__Task brief__. Return exactly the span of lines in the following data that opens with the line containing "CALLE ORENSE, 70" and closes with the line containing "Benvinguda a noves". Include nothing else.

__Information supplied__.
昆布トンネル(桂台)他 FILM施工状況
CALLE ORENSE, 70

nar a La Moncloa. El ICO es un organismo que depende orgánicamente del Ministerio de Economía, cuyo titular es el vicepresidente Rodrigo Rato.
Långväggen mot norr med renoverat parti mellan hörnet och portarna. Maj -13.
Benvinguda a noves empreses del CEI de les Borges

==

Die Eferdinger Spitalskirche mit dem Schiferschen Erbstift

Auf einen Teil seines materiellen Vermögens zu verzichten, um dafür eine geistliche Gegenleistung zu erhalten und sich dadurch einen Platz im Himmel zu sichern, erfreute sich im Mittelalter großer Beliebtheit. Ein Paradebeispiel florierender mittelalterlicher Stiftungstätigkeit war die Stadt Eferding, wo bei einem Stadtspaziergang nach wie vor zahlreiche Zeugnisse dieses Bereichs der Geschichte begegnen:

__Response for this exercise__.
CALLE ORENSE, 70

nar a La Moncloa. El ICO es un organismo que depende orgánicamente del Ministerio de Economía, cuyo titular es el vicepresidente Rodrigo Rato.
Långväggen mot norr med renoverat parti mellan hörnet och portarna. Maj -13.
Benvinguda a noves empreses del CEI de les Borges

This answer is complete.